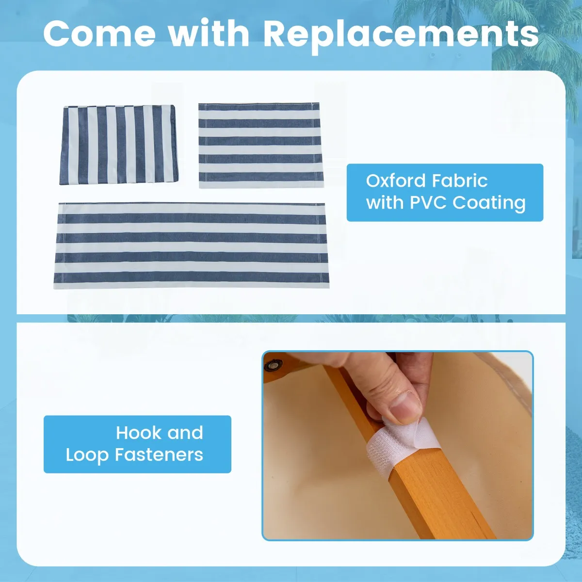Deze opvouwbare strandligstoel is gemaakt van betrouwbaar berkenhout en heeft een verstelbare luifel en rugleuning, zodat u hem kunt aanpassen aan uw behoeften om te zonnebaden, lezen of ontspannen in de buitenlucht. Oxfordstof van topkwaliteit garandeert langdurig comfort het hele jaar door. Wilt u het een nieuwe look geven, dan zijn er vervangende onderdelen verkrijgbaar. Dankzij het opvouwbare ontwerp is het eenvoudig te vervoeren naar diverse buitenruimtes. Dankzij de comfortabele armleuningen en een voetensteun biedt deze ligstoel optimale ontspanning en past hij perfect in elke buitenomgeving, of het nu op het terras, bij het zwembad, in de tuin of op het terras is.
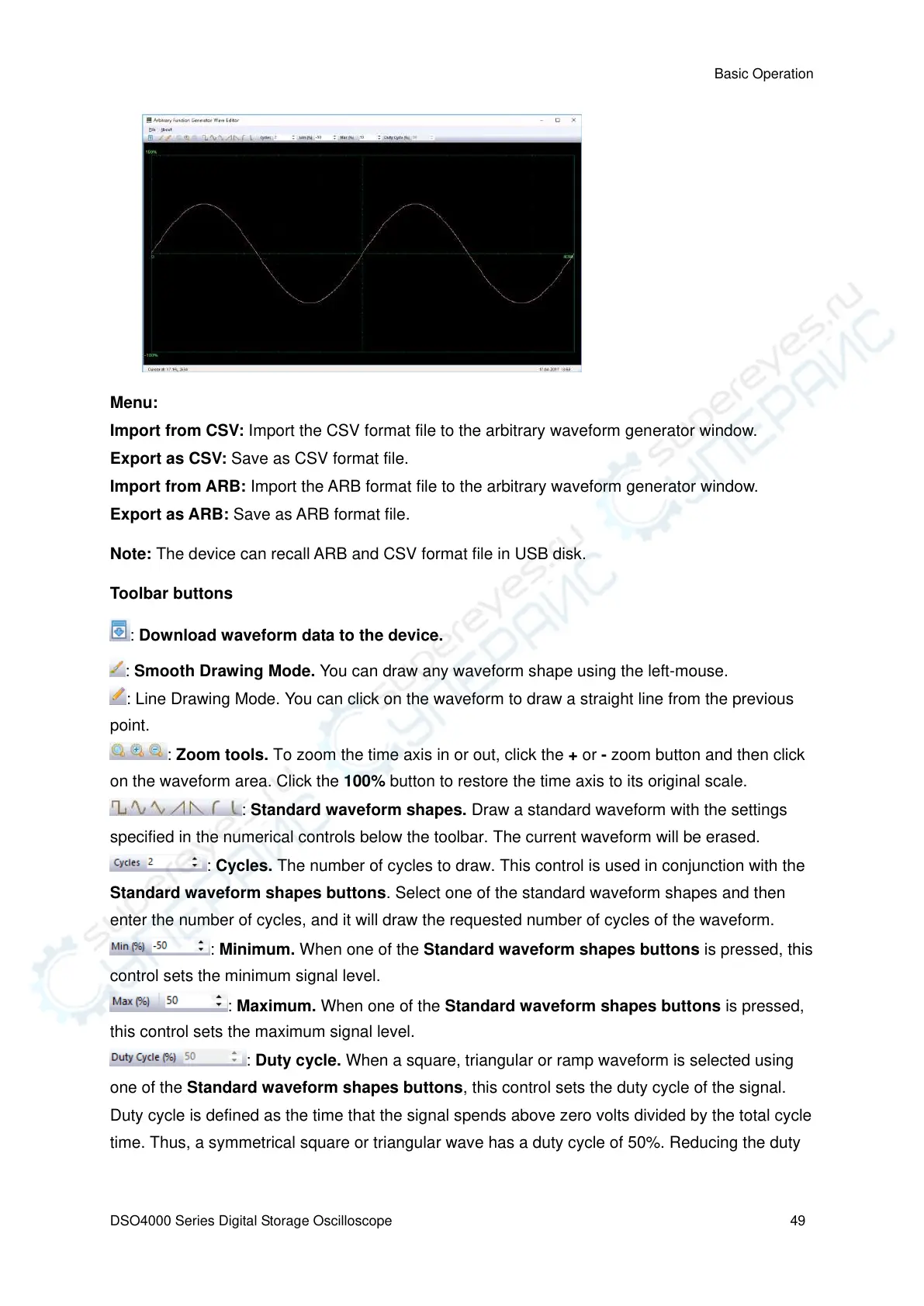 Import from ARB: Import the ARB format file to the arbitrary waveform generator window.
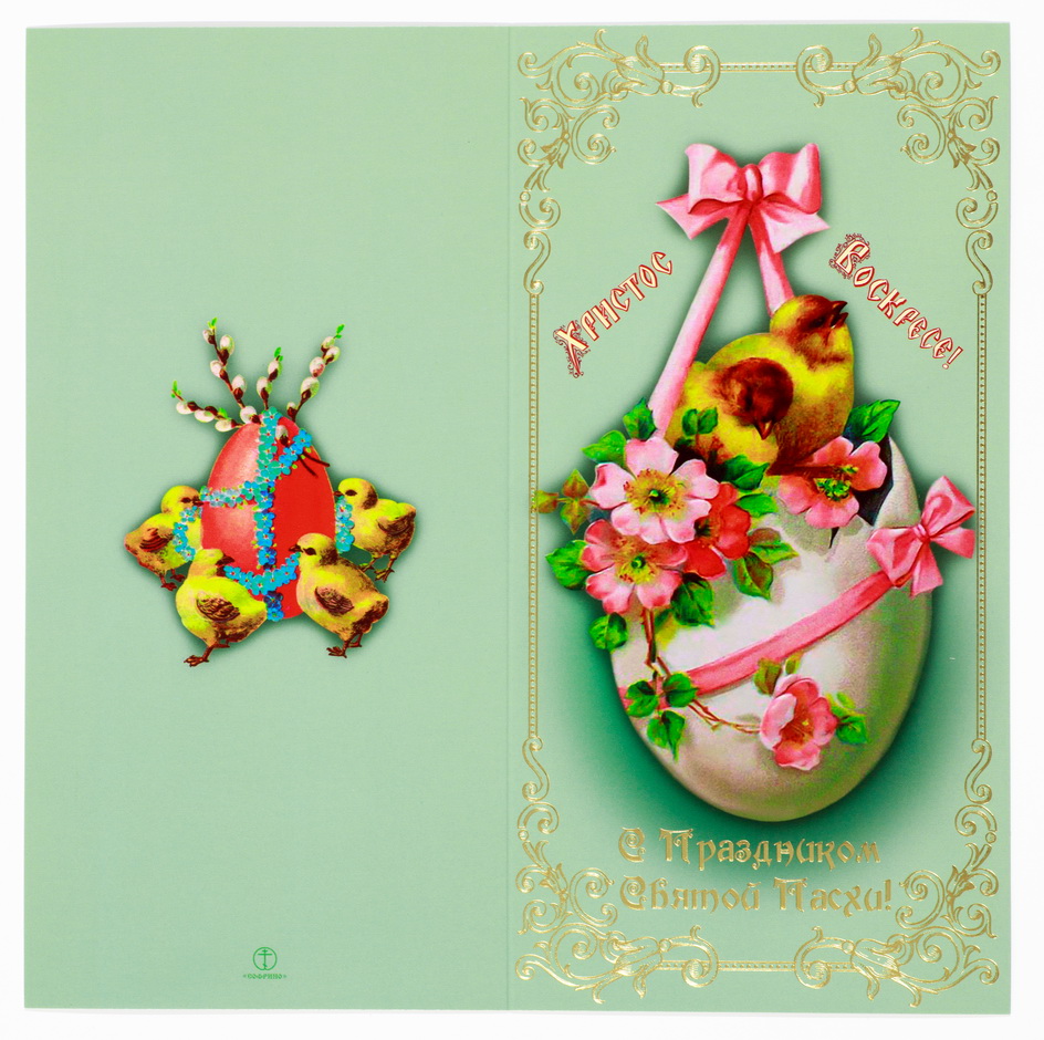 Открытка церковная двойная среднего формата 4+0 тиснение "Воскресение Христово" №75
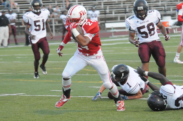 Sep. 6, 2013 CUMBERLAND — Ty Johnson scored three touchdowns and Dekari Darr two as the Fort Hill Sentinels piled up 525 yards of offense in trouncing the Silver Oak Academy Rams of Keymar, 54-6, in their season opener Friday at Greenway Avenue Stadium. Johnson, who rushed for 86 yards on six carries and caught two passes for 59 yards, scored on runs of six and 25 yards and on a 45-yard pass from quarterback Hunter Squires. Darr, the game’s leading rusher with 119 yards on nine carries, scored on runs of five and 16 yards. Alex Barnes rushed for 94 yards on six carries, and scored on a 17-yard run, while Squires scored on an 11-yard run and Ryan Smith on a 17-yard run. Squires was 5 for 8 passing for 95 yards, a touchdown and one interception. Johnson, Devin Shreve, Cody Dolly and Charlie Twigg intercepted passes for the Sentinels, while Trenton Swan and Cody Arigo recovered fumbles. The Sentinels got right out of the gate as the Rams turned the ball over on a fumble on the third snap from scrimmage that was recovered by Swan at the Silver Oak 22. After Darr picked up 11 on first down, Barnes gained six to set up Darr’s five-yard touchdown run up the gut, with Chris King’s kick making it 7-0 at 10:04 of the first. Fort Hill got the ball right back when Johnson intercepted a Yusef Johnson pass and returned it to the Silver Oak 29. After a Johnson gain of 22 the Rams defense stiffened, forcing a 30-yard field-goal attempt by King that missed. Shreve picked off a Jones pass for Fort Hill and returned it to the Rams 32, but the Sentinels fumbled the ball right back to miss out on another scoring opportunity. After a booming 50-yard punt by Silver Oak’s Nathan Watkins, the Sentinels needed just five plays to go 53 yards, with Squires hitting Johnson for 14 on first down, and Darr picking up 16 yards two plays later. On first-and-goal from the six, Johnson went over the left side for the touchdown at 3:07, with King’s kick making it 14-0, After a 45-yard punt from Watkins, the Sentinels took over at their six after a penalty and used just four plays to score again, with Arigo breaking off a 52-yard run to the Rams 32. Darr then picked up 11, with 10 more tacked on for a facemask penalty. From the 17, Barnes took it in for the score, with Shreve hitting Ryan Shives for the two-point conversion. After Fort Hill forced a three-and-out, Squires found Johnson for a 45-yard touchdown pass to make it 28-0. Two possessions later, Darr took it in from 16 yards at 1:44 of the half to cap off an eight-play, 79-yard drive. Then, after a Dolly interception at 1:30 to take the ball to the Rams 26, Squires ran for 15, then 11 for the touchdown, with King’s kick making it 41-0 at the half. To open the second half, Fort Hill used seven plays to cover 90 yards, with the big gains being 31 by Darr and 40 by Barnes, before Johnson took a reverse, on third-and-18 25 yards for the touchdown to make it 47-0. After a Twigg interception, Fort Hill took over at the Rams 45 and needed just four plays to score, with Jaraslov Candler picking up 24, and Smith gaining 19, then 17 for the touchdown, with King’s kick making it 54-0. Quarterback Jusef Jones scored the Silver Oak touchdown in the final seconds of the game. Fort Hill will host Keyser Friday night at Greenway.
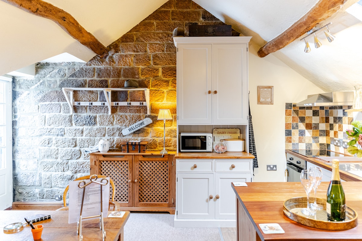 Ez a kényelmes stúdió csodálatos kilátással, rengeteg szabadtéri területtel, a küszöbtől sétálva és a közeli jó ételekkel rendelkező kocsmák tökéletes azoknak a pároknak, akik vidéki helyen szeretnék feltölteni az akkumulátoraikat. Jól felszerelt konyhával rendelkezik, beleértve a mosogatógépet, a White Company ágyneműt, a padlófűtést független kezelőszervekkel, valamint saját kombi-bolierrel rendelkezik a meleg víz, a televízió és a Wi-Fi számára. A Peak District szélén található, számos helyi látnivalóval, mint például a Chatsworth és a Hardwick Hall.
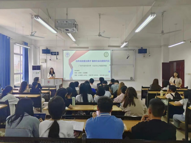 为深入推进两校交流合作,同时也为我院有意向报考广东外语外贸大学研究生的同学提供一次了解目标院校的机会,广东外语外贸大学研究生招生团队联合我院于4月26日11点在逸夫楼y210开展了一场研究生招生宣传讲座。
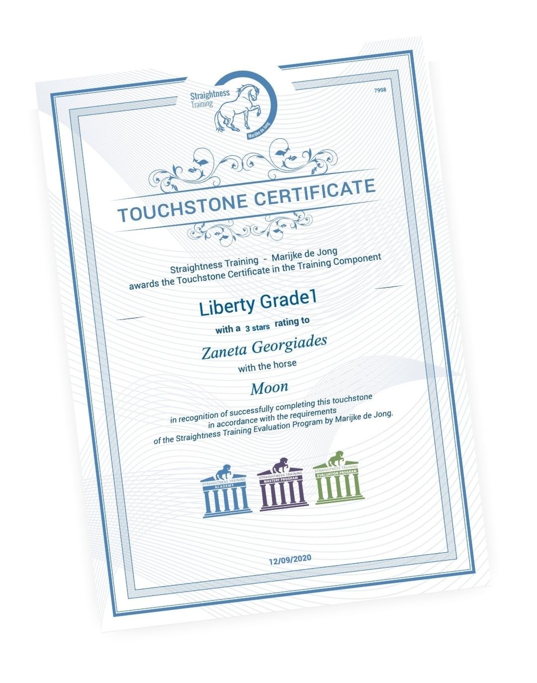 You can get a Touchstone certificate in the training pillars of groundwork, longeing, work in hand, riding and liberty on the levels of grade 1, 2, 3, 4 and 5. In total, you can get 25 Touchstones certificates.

WHAT IS REQUIRED – Each line from the one holding "为深入推进两校交流合作,同时" down to the end of the records is to be reproduced unaltered, and the pictures are to be omitted.

SOLUTION –
 为深入推进两校交流合作,同时也为我院有意向报考广东外语外贸大学研究生的同学提供一次了解目标院校的机会,广东外语外贸大学研究生招生团队联合我院于4月26日11点在逸夫楼y210开展了一场研究生招生宣传讲座。
 You can get a Touchstone certificate in the training pillars of groundwork, longeing, work in hand, riding and liberty on the levels of grade 1, 2, 3, 4 and 5. In total, you can get 25 Touchstones certificates.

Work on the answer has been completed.